- _Data listing_
------

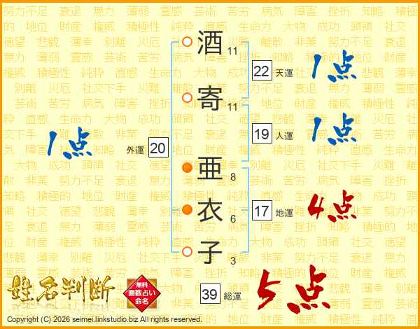 酒寄亜衣子さんの総運は39画の5点!
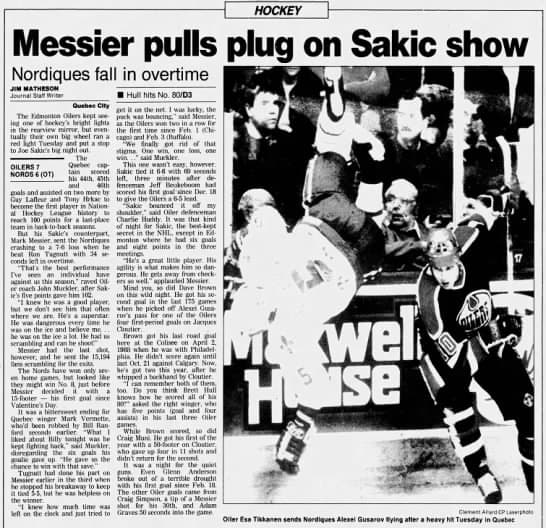 Edmonton had jumped out to a 4-2 lead after the first in thanks to goals from Adam Graves, Craig Simpson, Dave Brown and Craig Muni, but three-second period goals from the Nordiques — two of which were from Sakic — had the game tied at 5.
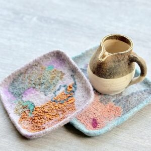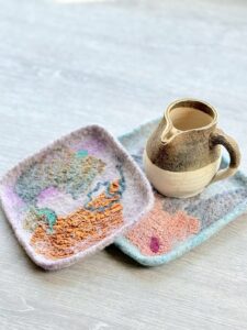 濕氈,是以羊毛為主要元素的纖維軟雕塑創作。形狀可塑性高,且同時可以玩出不同顏色混合的樂趣,使得創作主題可以無限延伸。
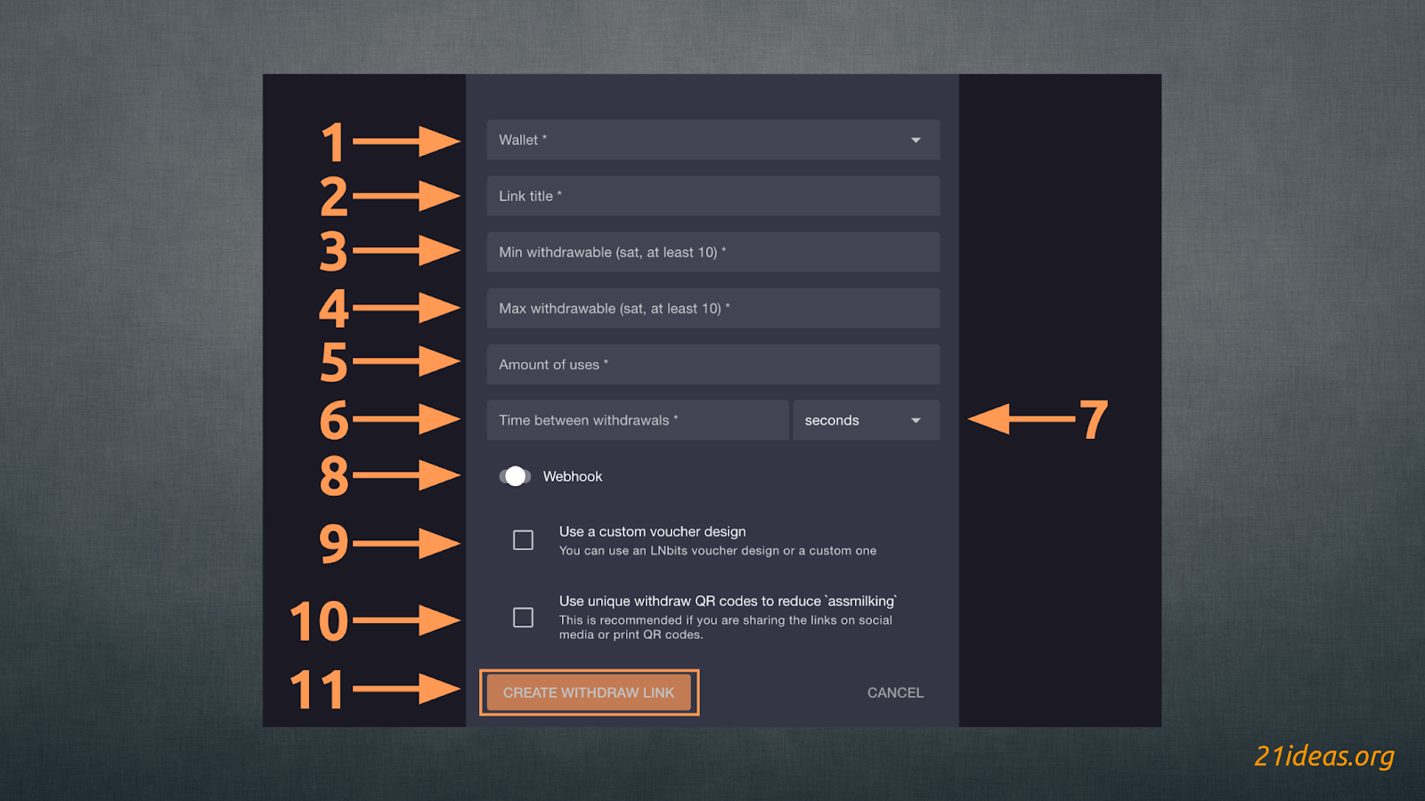 Выбираем кошелек (1), название ссылки (2), минимальную (3) и максимальную (4) сумму, доступную к снятию, количество доступных “ваучеров” (5), задержку между выводами средств (6) – это не позволит пользователям быстро повторно снимать средства. Меню под номером (7) позволяет выбрать единицы ожидания – секунды / минуты / часы. Также можно добавить веб-хук (8). Поставив галочку в пункте (9) вы сможете добавить ссылку на собственный дизайн ваучера LNURLw. Галочка в (10) пункте остановит подписчиков от повторного снятия средств. Это достигается генерацией нового QR-кода для каждого получения. Заполнив все поля нажимаем CREATE WITHDRAW LINK (11), и ссылка готова. Пользователи, перешедшие по ссылке смогут отсканировать QR-код любым кошельком, поддерживающим LNURL и снять немного сат. Вот как это выглядит в кошельке Blue Wallet:
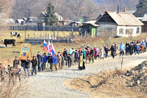 п. Тигровый. 4 ноября учащиеся Православной гимназии г. Владивостока, молодежь из общественной организации «Братство православных следопытов», а также духовенство и прихожане городских храмов прошли крестным ходом по п. Тигровому до строящегося храма св. Димитрия Солунского на территории летнего лагерного комплекса.
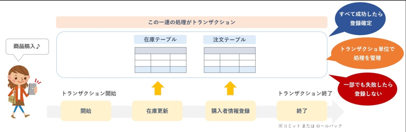 ※コミット:トランザクション内で行なわれた一連の変更をデータベースに永続的に反映させる操作。コミットが実行されると、それまでのデータの変更は確定され、他のトランザクションからも参照できるようになる。
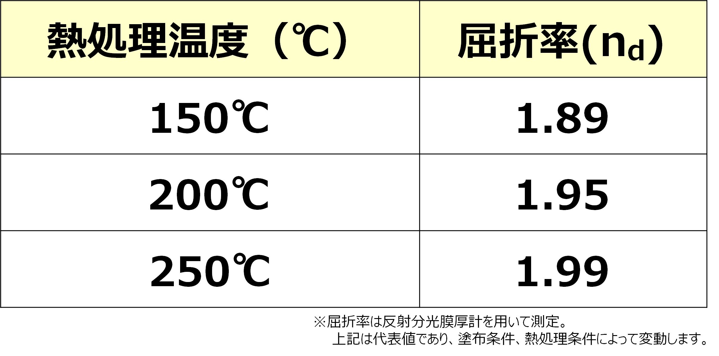The ultra-high refractive index material is an organic solvent solution of non-crystalline titania. Therefore, it has exceptionally high transparency and is not photocatalytic.
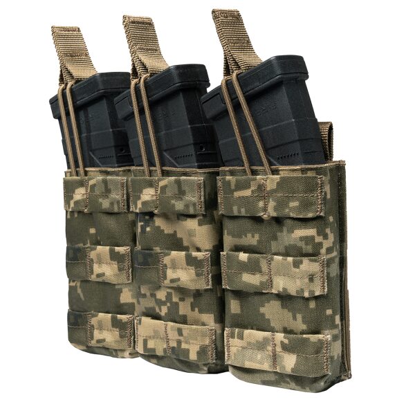 Підсумок для трьох магазинів «АК-3 Gen.2» відкритий MM-14 NIR розроблений у межах програми БКС «АРСЕНАЛ» для швидкої та надійної роботи з магазинами АК та AR. Коробчаста конструкція забезпечує стабільне утримання, безшумне носіння та високу швидкість вилучення. Регульовані гумові стропи дозволяють працювати «наосліп» і сумісні з магазинами різних виробників, у тому числі з хватами Magpul. Відсутність окантовки робить підсумок вужчим і дає щільне розміщення по MOLLE без пропусків слотів. Виконання NIR знижує помітність у ПНБ.
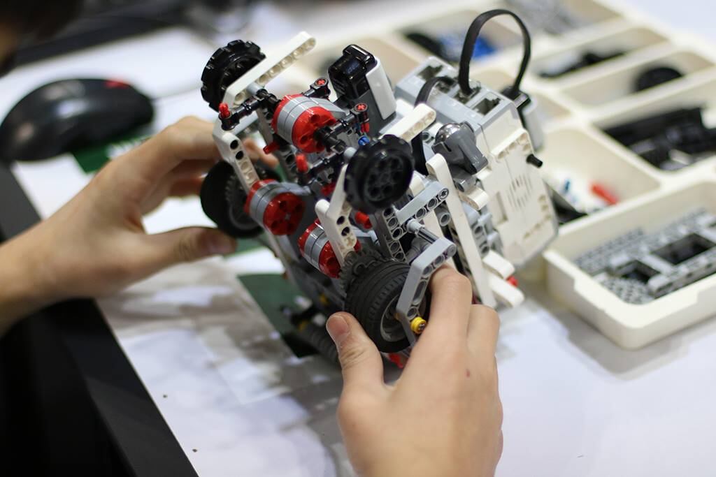 Por ejemplo, si el robot se encuentra un cubo rojo dentro de un área blanca, tiene que agarrar un árbol rojo y llevarlo al área blanca, mediante un sensor que ellos le colocan al robot para que este se la juegue por su cuenta.
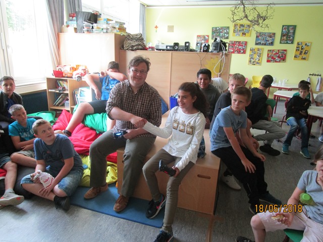 Da mehr Schülerinnen und Schüler als teilnehmende WM-Länder angemeldet sind, geht es in den ersten Runden darum, sich für die Teilnahme an der Meisterschaft zu qualifizieren. Das Auftaktspiel fand am Montag, den 18.06.2018 in der ersten großen Pause statt. Hier stellte die Schülerin Ghafran Alhamoud ihr Können gegen unseren Rektor Herrn Kropp-Kurta unter Beweis und zeigte zur Freude der Mitschüler, dass auch Schüler einmal die Oberhand behalten können.
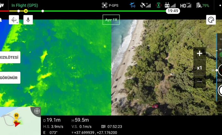 Aydın’da sahaya inen ‘koruyucu kartal’ mikro İHA’lar, Dilek Yarımadası Milli Parkı’nda orman yangınlarına karşı görev yapıyor. Yapılan denetimlerde termal sıcaklık yer yer 60 dereceleri görürken, vatandaşlar orman yangınlarına karşı uyarıldı.
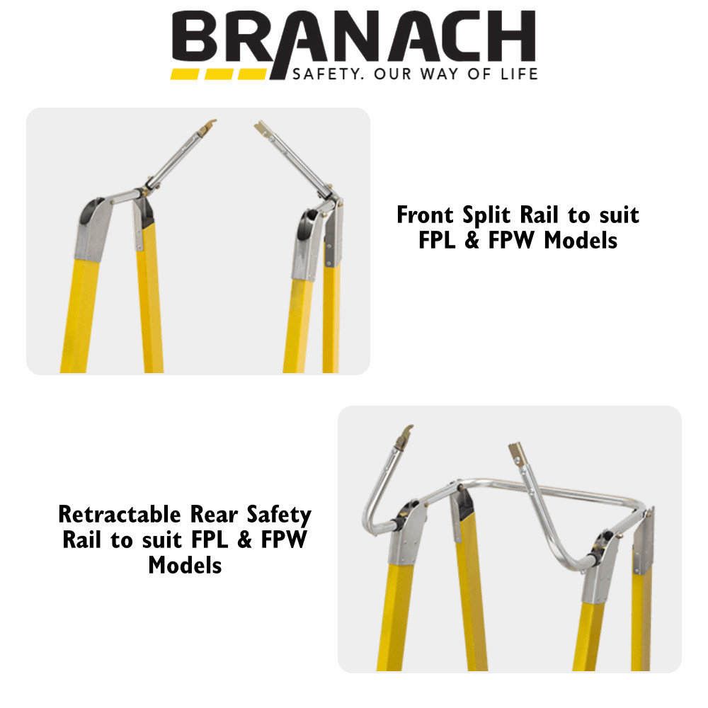 Branach Safety Rails are available for both the front and rear of platforms on FPL & FPW platform ladder range.
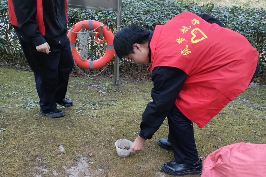 活动现场,20名大一大二志愿者分工协作、热情投入。大家手持垃圾夹、环保袋等工具,重点清理河道边缘、岸边草丛、垃圾桶周边的烟头、纸屑、塑料杂物等垃圾,细致排查卫生死角,做到“全覆盖、无遗漏”。同时,志愿者向过往同学普及河道保护知识,解答环保疑问,引导大家树立“护河有责”的理念,累计吸引100余名同学驻足参与互动。

------

- _To do_
Please transcribe all of the records above exactly, leaving out any pictures.

- _Written reply_
 酒寄亜衣子さんの総運は39画の5点!
 Edmonton had jumped out to a 4-2 lead after the first in thanks to goals from Adam Graves, Craig Simpson, Dave Brown and Craig Muni, but three-second period goals from the Nordiques — two of which were from Sakic — had the game tied at 5.
 濕氈,是以羊毛為主要元素的纖維軟雕塑創作。形狀可塑性高,且同時可以玩出不同顏色混合的樂趣,使得創作主題可以無限延伸。
 Выбираем кошелек (1), название ссылки (2), минимальную (3) и максимальную (4) сумму, доступную к снятию, количество доступных “ваучеров” (5), задержку между выводами средств (6) – это не позволит пользователям быстро повторно снимать средства. Меню под номером (7) позволяет выбрать единицы ожидания – секунды / минуты / часы. Также можно добавить веб-хук (8). Поставив галочку в пункте (9) вы сможете добавить ссылку на собственный дизайн ваучера LNURLw. Галочка в (10) пункте остановит подписчиков от повторного снятия средств. Это достигается генерацией нового QR-кода для каждого получения. Заполнив все поля нажимаем CREATE WITHDRAW LINK (11), и ссылка готова. Пользователи, перешедшие по ссылке смогут отсканировать QR-код любым кошельком, поддерживающим LNURL и снять немного сат. Вот как это выглядит в кошельке Blue Wallet:
 п. Тигровый. 4 ноября учащиеся Православной гимназии г. Владивостока, молодежь из общественной организации «Братство православных следопытов», а также духовенство и прихожане городских храмов прошли крестным ходом по п. Тигровому до строящегося храма св. Димитрия Солунского на территории летнего лагерного комплекса.
 ※コミット:トランザクション内で行なわれた一連の変更をデータベースに永続的に反映させる操作。コミットが実行されると、それまでのデータの変更は確定され、他のトランザクションからも参照できるようになる。
The ultra-high refractive index material is an organic solvent solution of non-crystalline titania. Therefore, it has exceptionally high transparency and is not photocatalytic.
 Підсумок для трьох магазинів «АК-3 Gen.2» відкритий MM-14 NIR розроблений у межах програми БКС «АРСЕНАЛ» для швидкої та надійної роботи з магазинами АК та AR. Коробчаста конструкція забезпечує стабільне утримання, безшумне носіння та високу швидкість вилучення. Регульовані гумові стропи дозволяють працювати «наосліп» і сумісні з магазинами різних виробників, у тому числі з хватами Magpul. Відсутність окантовки робить підсумок вужчим і дає щільне розміщення по MOLLE без пропусків слотів. Виконання NIR знижує помітність у ПНБ.
 Por ejemplo, si el robot se encuentra un cubo rojo dentro de un área blanca, tiene que agarrar un árbol rojo y llevarlo al área blanca, mediante un sensor que ellos le colocan al robot para que este se la juegue por su cuenta.
 Da mehr Schülerinnen und Schüler als teilnehmende WM-Länder angemeldet sind, geht es in den ersten Runden darum, sich für die Teilnahme an der Meisterschaft zu qualifizieren. Das Auftaktspiel fand am Montag, den 18.06.2018 in der ersten großen Pause statt. Hier stellte die Schülerin Ghafran Alhamoud ihr Können gegen unseren Rektor Herrn Kropp-Kurta unter Beweis und zeigte zur Freude der Mitschüler, dass auch Schüler einmal die Oberhand behalten können.
 Aydın’da sahaya inen ‘koruyucu kartal’ mikro İHA’lar, Dilek Yarımadası Milli Parkı’nda orman yangınlarına karşı görev yapıyor. Yapılan denetimlerde termal sıcaklık yer yer 60 dereceleri görürken, vatandaşlar orman yangınlarına karşı uyarıldı.
 Branach Safety Rails are available for both the front and rear of platforms on FPL & FPW platform ladder range.
 活动现场,20名大一大二志愿者分工协作、热情投入。大家手持垃圾夹、环保袋等工具,重点清理河道边缘、岸边草丛、垃圾桶周边的烟头、纸屑、塑料杂物等垃圾,细致排查卫生死角,做到“全覆盖、无遗漏”。同时,志愿者向过往同学普及河道保护知识,解答环保疑问,引导大家树立“护河有责”的理念,累计吸引100余名同学驻足参与互动。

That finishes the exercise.